Before delving into the details, I’d like to highlight some of the key features of Xorbits:
-
Xorbits is incredibly easy to get started, if you know how to use pandas , you would probably know how to use Xorbits. In addition to pandas API, Xorbits also supports numpy API, and will integrate more APIs in the future.
- Xorbits is lightening fast, and able to process terabytes of data with ease. According to our benchmark test, Xorbits is the fastest distributed data science framework compared to the most popular frameworks right now.
- Xorbits is super easy to deploy with official support for running on your laptop, existing cluster, Kubernetes, and the cloud.
Background: Python data science world
Python has become the most popular programming language
The increasing popularity of AI and data science has further propelled Python to the forefront as the most popular programming language.
According to the most representative programming language ranking websites, Tiobe Index and IEEE spectrum, until Jan 2023, Python is the top 1 programming language.
Tiobe Index
Top pgrogramming laguages from IEEE spectrum
Data analysis and machine learning are the top popular fields
According to Python developer survey of 2021 conducted by PSF and Jetbrains, data analysis and machine learning are already the top popular fields for Python usage.
Python developer survey of 2021
Numpy, Pandas etc are the top popular libraries for data science
According to Python developer survey of 2021 conducted by PSF and Jetbrains and stackoverflow 2022 developer survey , numpy, pandas etc are the top popular libraries.
Python developer survey of 2021
What we need to scale Python data science?

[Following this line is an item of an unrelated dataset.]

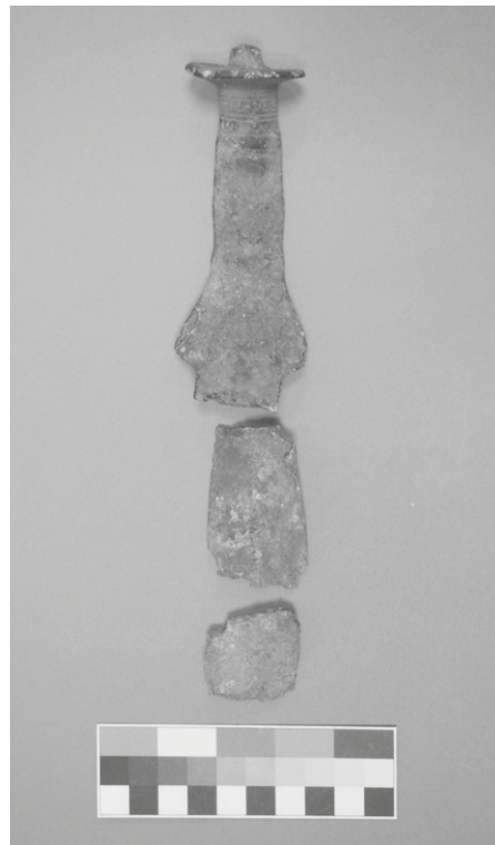
Obr. 13. Šakvice, „Kopce“. Bronzový meč liptovského typu.

Šakvice (Břeclav District), „Kopce“, Land Registry No. 3369. Bronze sword of Liptov type. Velatic culture. Isolated artefact.

As more users flock to the Python data science world, several issues may arise, including:
- The current ecosystem may struggle to process large datasets. While libraries such as numpy and pandas are suitable and fast for working with data at the megabyte scale, when data grows to gigabytes or larger, users may encounter errors such as “out of memory.”
- Libraries like numpy and pandas lack scalability. Most operations in these libraries can only run on a single CPU, making it difficult to scale to multiple cores or clusters. Additionally, hardware such as GPUs that are commonly used for AI applications cannot be utilized to accelerate data science tasks.
Users can upgrade their machines. but since most operations in these libraries cannot utilize multiple cores, this may not be an effective solution. The only useful enhancement would be an increase in memory.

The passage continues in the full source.